**Your instructions**.
Reproduce the listing below as it stands. Leave out each image.

#### Data ####

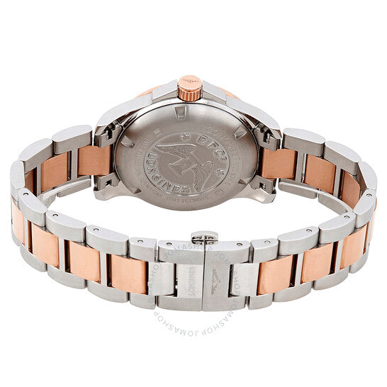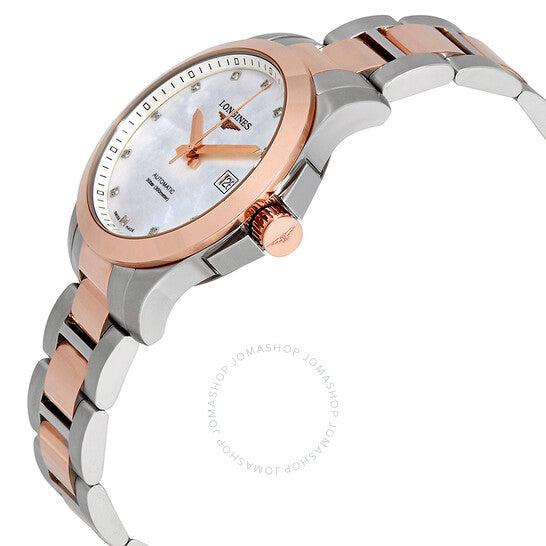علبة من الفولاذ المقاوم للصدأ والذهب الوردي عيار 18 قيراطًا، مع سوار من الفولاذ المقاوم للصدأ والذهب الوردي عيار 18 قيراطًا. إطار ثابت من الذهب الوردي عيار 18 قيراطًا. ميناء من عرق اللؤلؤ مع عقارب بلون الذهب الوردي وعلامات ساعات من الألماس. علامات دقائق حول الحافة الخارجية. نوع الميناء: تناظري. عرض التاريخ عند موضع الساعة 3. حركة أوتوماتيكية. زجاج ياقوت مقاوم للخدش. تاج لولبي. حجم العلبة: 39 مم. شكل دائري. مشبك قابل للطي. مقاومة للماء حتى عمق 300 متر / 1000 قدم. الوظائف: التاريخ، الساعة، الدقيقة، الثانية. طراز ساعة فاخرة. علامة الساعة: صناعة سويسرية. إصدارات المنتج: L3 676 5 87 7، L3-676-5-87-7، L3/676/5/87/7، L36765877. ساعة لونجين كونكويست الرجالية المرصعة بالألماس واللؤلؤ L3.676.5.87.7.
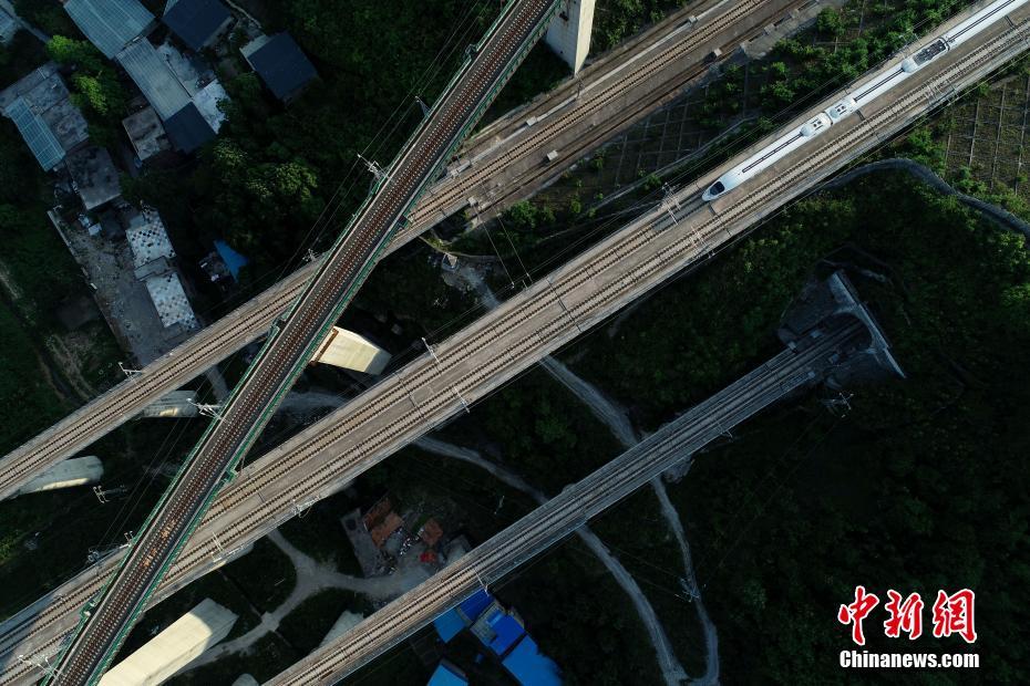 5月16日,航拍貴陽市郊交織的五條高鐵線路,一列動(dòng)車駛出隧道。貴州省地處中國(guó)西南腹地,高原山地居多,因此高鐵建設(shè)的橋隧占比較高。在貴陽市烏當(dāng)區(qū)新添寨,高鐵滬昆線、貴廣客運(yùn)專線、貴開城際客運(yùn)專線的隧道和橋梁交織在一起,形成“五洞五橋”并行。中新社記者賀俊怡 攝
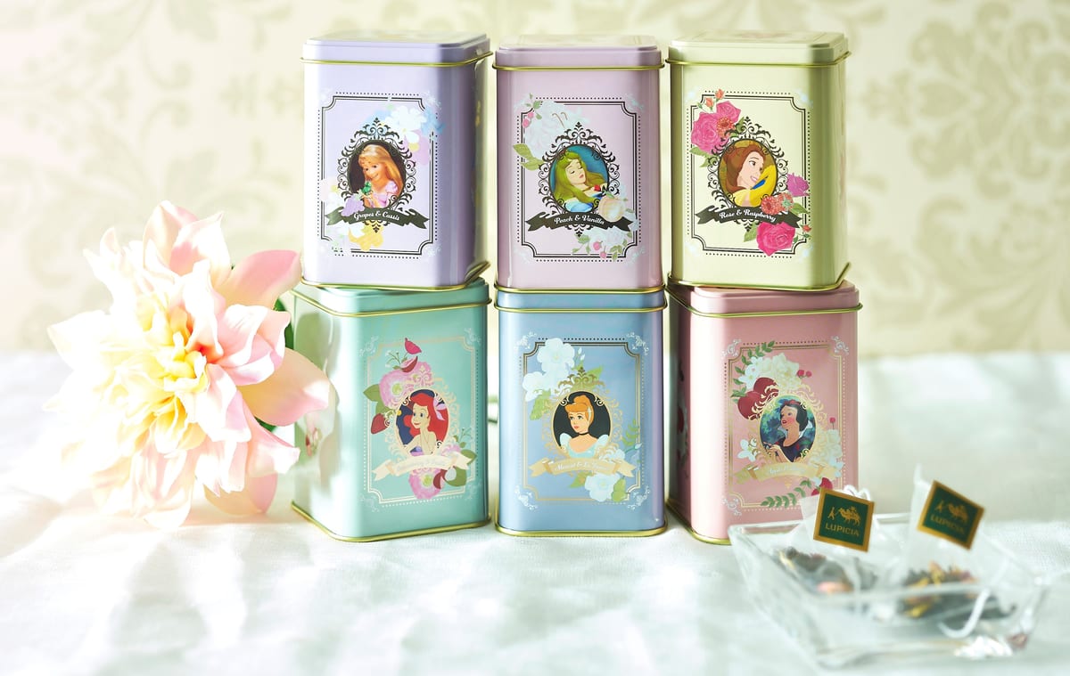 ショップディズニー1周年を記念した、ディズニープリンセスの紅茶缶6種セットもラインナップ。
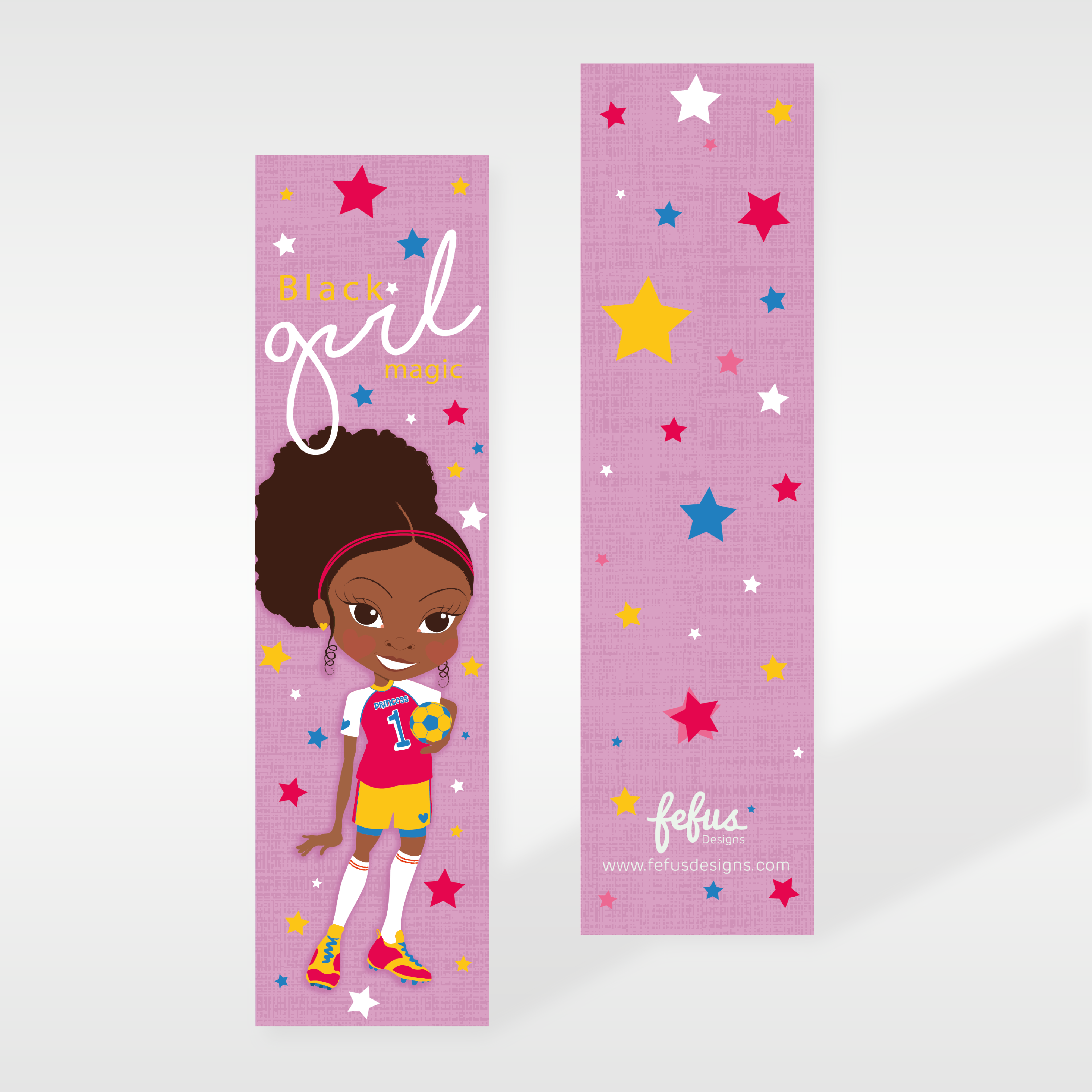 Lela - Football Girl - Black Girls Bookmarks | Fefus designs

####

**Output**.
علبة من الفولاذ المقاوم للصدأ والذهب الوردي عيار 18 قيراطًا، مع سوار من الفولاذ المقاوم للصدأ والذهب الوردي عيار 18 قيراطًا. إطار ثابت من الذهب الوردي عيار 18 قيراطًا. ميناء من عرق اللؤلؤ مع عقارب بلون الذهب الوردي وعلامات ساعات من الألماس. علامات دقائق حول الحافة الخارجية. نوع الميناء: تناظري. عرض التاريخ عند موضع الساعة 3. حركة أوتوماتيكية. زجاج ياقوت مقاوم للخدش. تاج لولبي. حجم العلبة: 39 مم. شكل دائري. مشبك قابل للطي. مقاومة للماء حتى عمق 300 متر / 1000 قدم. الوظائف: التاريخ، الساعة، الدقيقة، الثانية. طراز ساعة فاخرة. علامة الساعة: صناعة سويسرية. إصدارات المنتج: L3 676 5 87 7، L3-676-5-87-7، L3/676/5/87/7، L36765877. ساعة لونجين كونكويست الرجالية المرصعة بالألماس واللؤلؤ L3.676.5.87.7.
 5月16日,航拍貴陽市郊交織的五條高鐵線路,一列動(dòng)車駛出隧道。貴州省地處中國(guó)西南腹地,高原山地居多,因此高鐵建設(shè)的橋隧占比較高。在貴陽市烏當(dāng)區(qū)新添寨,高鐵滬昆線、貴廣客運(yùn)專線、貴開城際客運(yùn)專線的隧道和橋梁交織在一起,形成“五洞五橋”并行。中新社記者賀俊怡 攝
 ショップディズニー1周年を記念した、ディズニープリンセスの紅茶缶6種セットもラインナップ。
 Lela - Football Girl - Black Girls Bookmarks | Fefus designs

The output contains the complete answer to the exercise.